**What is expected:** When you return the lines below, go from the first through the line with "10k Gold Two", keep them exact, and leave out every picture.

**Data extract:**
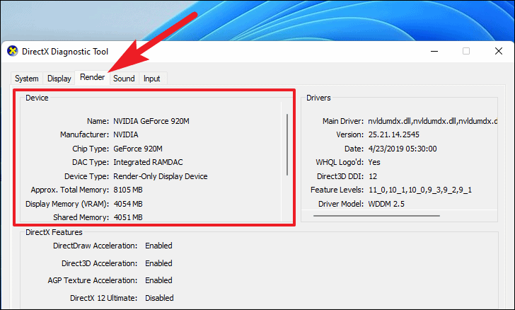 - If your system has multiple graphics cards, click on the Render tab to see information about the secondary GPU.
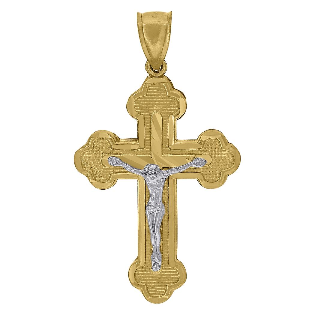 10k Gold Two tone Dc Mens Cross Crucifix Height 48.6mm X Width 27.2mm Religious Charm Pendant Necklace for Men
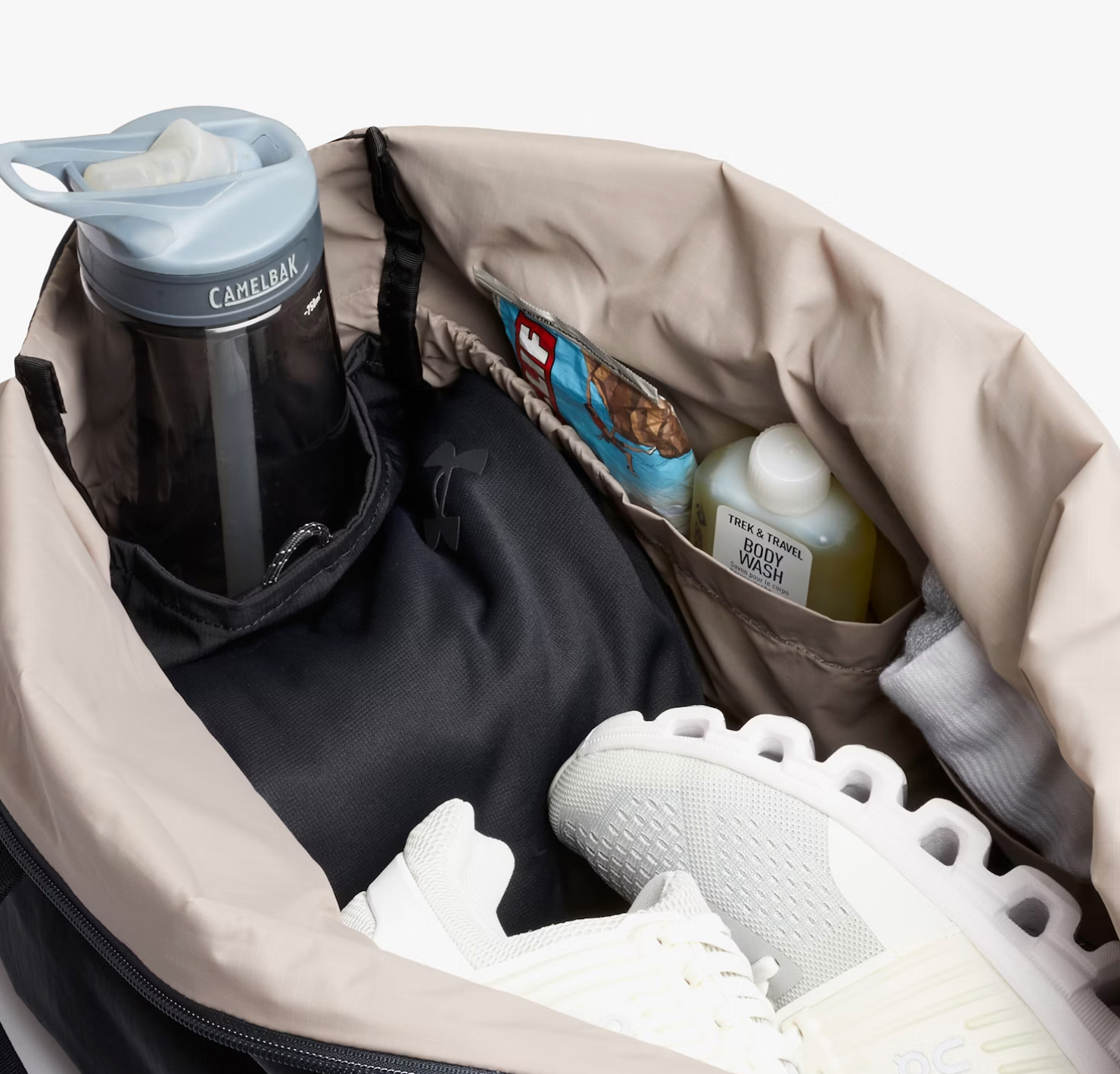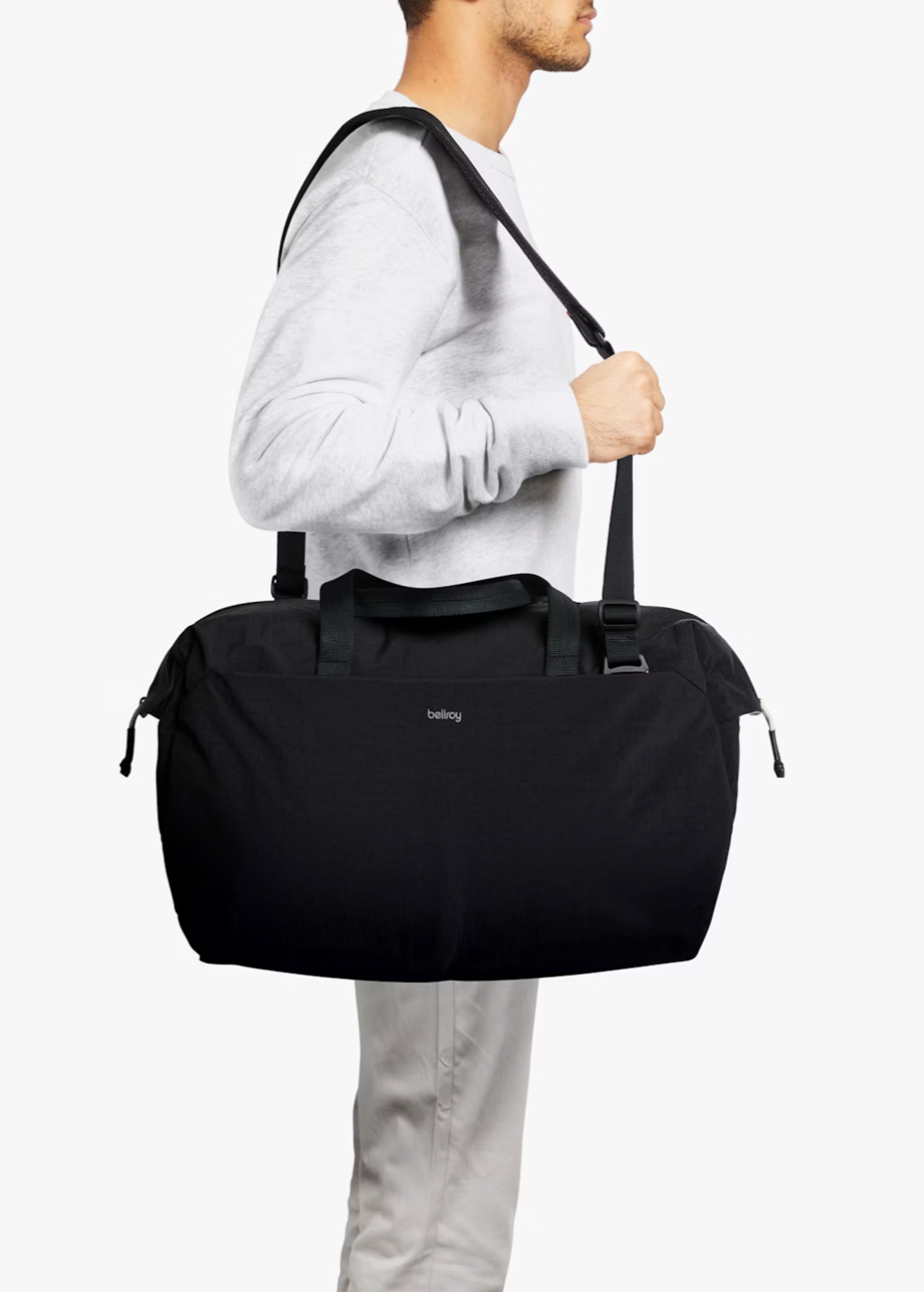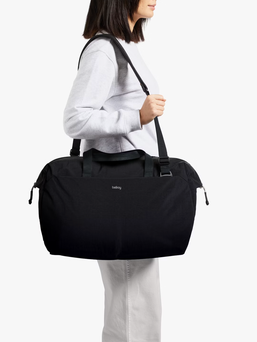 The Lite Duffel in Black is perfect for travel and play. With ultralight ripstop fabric and a reinforced rim, it's durable and easy to pack. The spacious main compartment and multiple zip and slip pockets provide convenient organization. The adjustable shoulder strap and grab handles make for easy carrying. Water-resistant zipper with easy-grab pulls.

**Result of the exercise:**
 - If your system has multiple graphics cards, click on the Render tab to see information about the secondary GPU.
 10k Gold Two tone Dc Mens Cross Crucifix Height 48.6mm X Width 27.2mm Religious Charm Pendant Necklace for Men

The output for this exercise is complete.